I boarded the red-eye with silent nausea. My mind was occupied by fear. It took too much energy to act normal, so I stared at the wall, hummed to myself, and practiced deep breathing exercises. I could not stop thinking about Josh’s broken neck and our newest piece of information from our contact with the Department of the Army: Josh was unconscious after the moment of impact. What if he wakes up and doesn’t remember anything? What if the break in his neck paralyzes him? Will he recognize me at all? My face was stoic and motionless, but hot tears continuously ran down my cheeks. All the things I had imagined could possibly be coming true. I didn’t sleep the entire flight from San Jose to Atlanta.
At this point, our entire families knew about Josh’s injury, but information on Josh was developing and changing with every phone call. Finally, we told our Army contacts that unless we were flying, they should expect a call from Cathi and me every two hours. With the need to keep the lines open for updates, I was encouraging people to spread the word until we knew more. Before we took off for Atlanta, there had already been a segment on the local news channels. Once we landed in Atlanta, something made me want to get on Facebook and see how many people knew. I was receiving phone calls and texts from literally thousands of people. I knew social media was going to be even more chaotic, so I had silenced all of it before we took off. Maybe it would make me feel better… at least there would be fewer people to tell? Aft
er nine hours of crying and not eating while traveling, hopefully fellow travelers assumed that I had a late night at the bar and would leave me alone long enough to see what was going on. I went into the airport bathroom, splashed some water on my face, and walked toward the terminal of (hopefully) my last flight of the day.

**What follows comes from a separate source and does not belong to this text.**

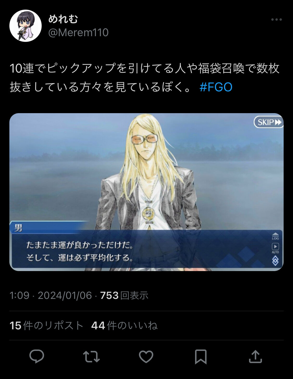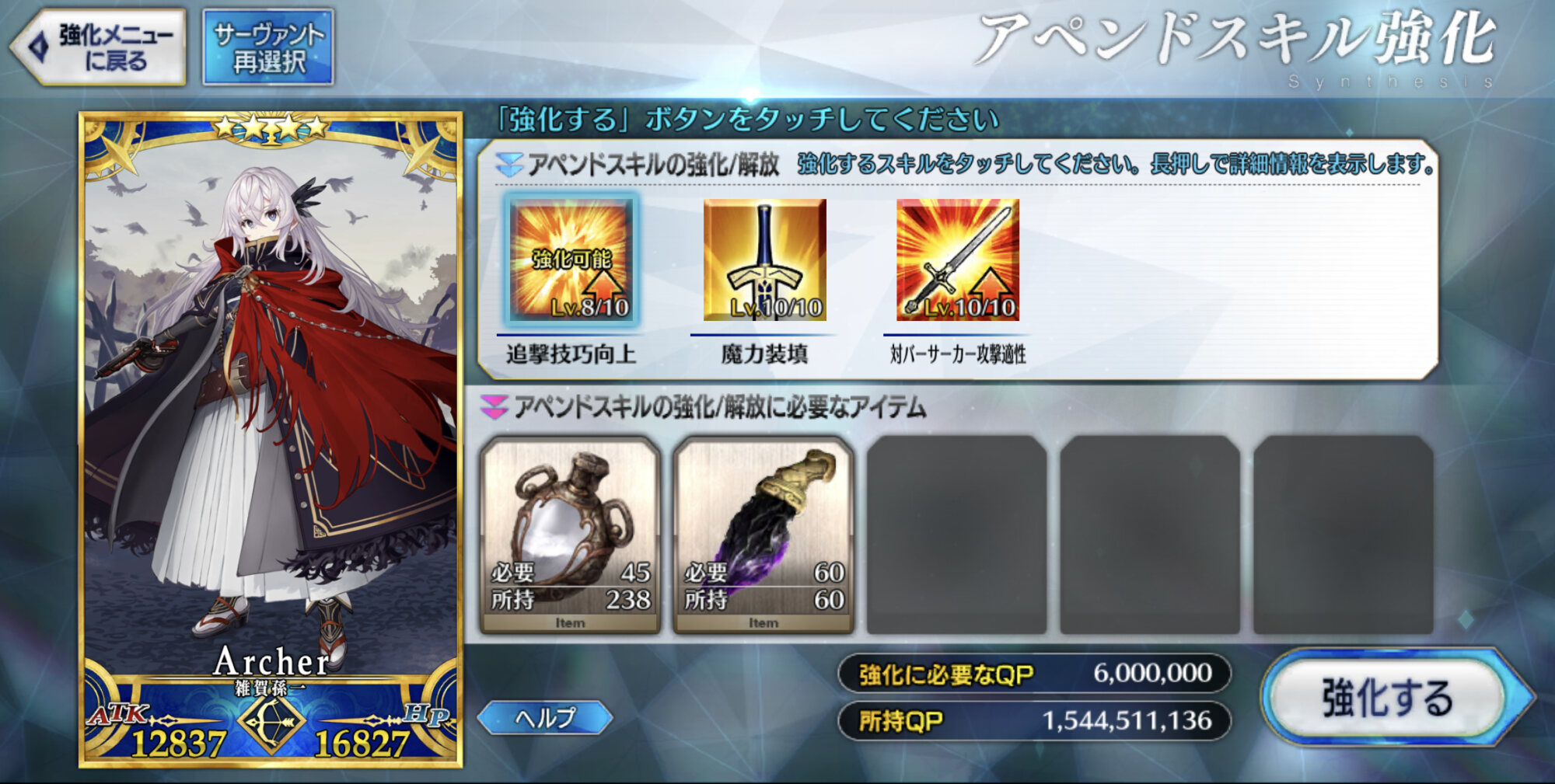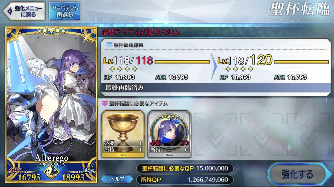 まぁ蛍に使うのアペンドだから再臨とスキルに使うテスカトリポカに比べたらアペンド2に使う分以外は後回しにしてもいい感じだけどな>>878

I plopped down in my seat next to my equally exhausted mother-in-law and logged onto Facebook to see what kind of damage had been done on the World Wide Web. I had about a million notifications, because by this time all of North Alabama knew about Josh. His story was on TV and radio and in a few newspapers. Then I saw a message from the medic who deployed with Josh. Everybody called him Doc.
June 1, 2012 7:07 am
From Doc:
Hey, I don’t know if you remember me. We met at SGT Kearny’s BBQ right before we left. Anyway, I’m the medic who worked on your husband right after the incident. He was definitely my best friend out here. It sucked for me, and I can only imagine how you’re taking it. He asked me to send something to your address as soon as I can, and I didn’t want to send it with the rest of his stuff because I don’t know if that will actually make its way to you. So if you don’t mind sending me your address, I can get this to you as soon as I can make my way to the postal service out here. Take care! Please keep us updated as well.